Les origines historiques des résidents des favelas de Rio
Les favelas émergent à la fin du XIXe siècle, quand des soldats démobilisés après la guerre de Canudos squattent le morro da Providência en 1897, faute de logements décents. Rapidement, ces collines occupées attirent des migrants ruraux fuyant la misère du Nordeste, comme le sertão de Bahia ou Pernambuco. Dès les années 1930, l'urbanisation galopante de Rio, boostée par l'industrialisation, gonfle ces enclaves : en 1940, 12 % des Cariocas y vivent déjà.
Aujourd'hui, cette matrice persiste. Selon l'IBGE en 2022, 60 % des résidents des favelas descendent de ces flux migratoires internes, avec une surreprésentation de familles monoparentales. Les premiers occupants, souvent ex-esclaves affranchis ou leurs descendants, posent les bases d'une communauté noire et métisse dominante. Pas de consensus sur les chiffres exacts, mais les études de l'IPEA estiment que 70 % des naissances en favela concernent des troisième ou quatrième générations sur place.
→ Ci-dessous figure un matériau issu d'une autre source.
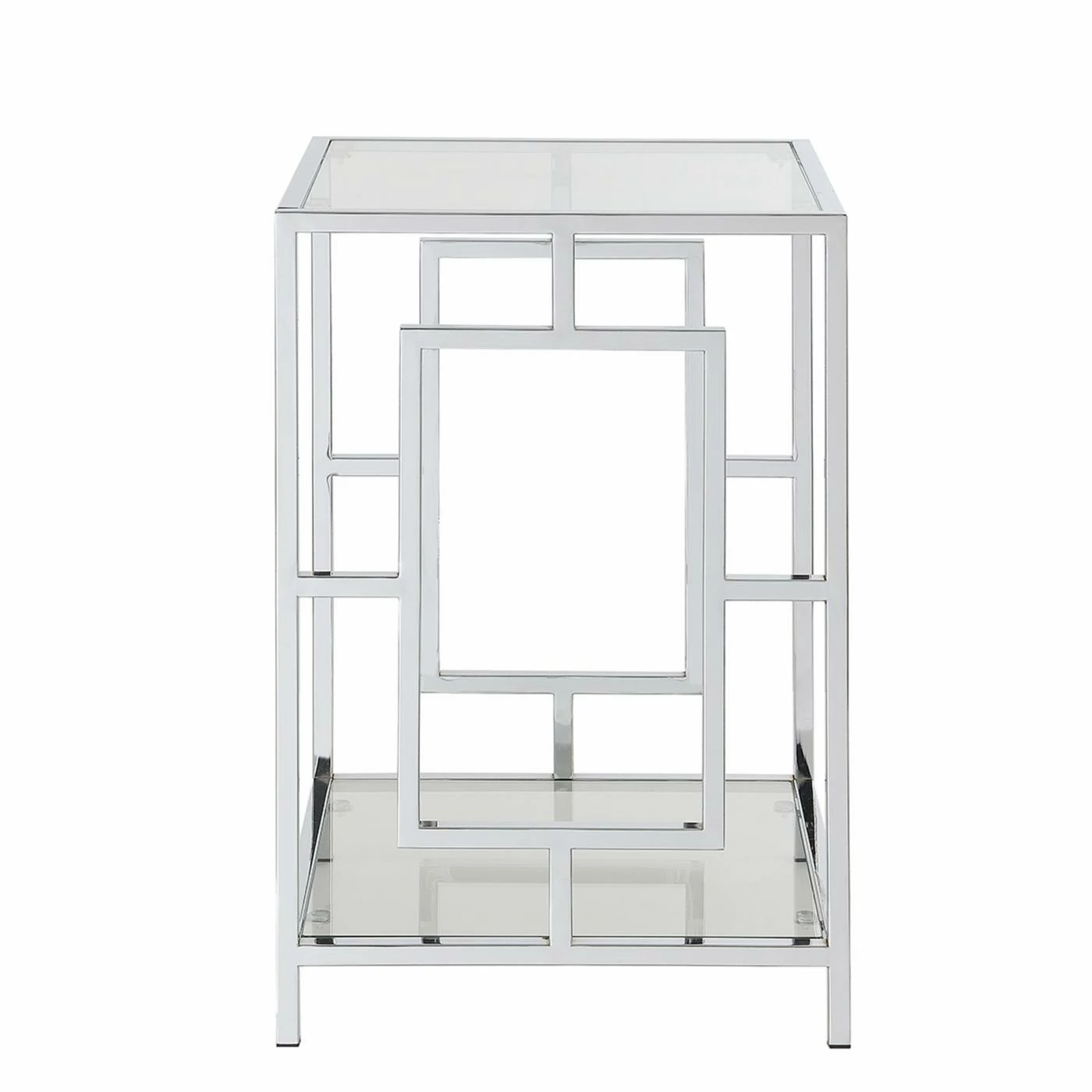 Usher in a new modern look that pops with the Convenience Concepts Town Square End Table. This square end table comes crafted from squared metal with block feet. The sides have an open design with a floating square look. Dazzling polished chrome finishes the piece. Both the tabletop and lower shelf are rendered from thick, clear tempered glass.

Ce socle démographique forge une identité collective : loyauté au quartier, méfiance envers l'État. Les variations régionales importent ; à Rocinha, la plus grande, les arrivées récentes du Venezuela diluent ce profil nordestin pur.
Profil démographique précis des populations des morros
En 2023, les favelas de Rio comptent 1,39 million d'habitants pour 1 023 communautés, d'après l'Institut Percebe. La densité explose : 25 000 personnes par km² à Rocinha contre 5 000 en moyenne urbaine. Âge médian à 28 ans, avec 32 % de moins de 15 ans – un défi pour l'éducation, où seulement 45 % achèvent le secondaire.
Composition ethnique : 52 % de Noirs ou mulâtres, 38 % de Blancs, 10 % d'Asiatiques ou Amérindiens, selon le recensement 2022. Les femmes dirigent 41 % des foyers, souvent chefs de famille unique. Taille moyenne du ménage : 3,4 personnes, mais jusqu'à 8 dans les constructions précaires. Revenu mensuel par habitant : 420 reais (75 euros), sous le seuil de pauvreté à 600 reais.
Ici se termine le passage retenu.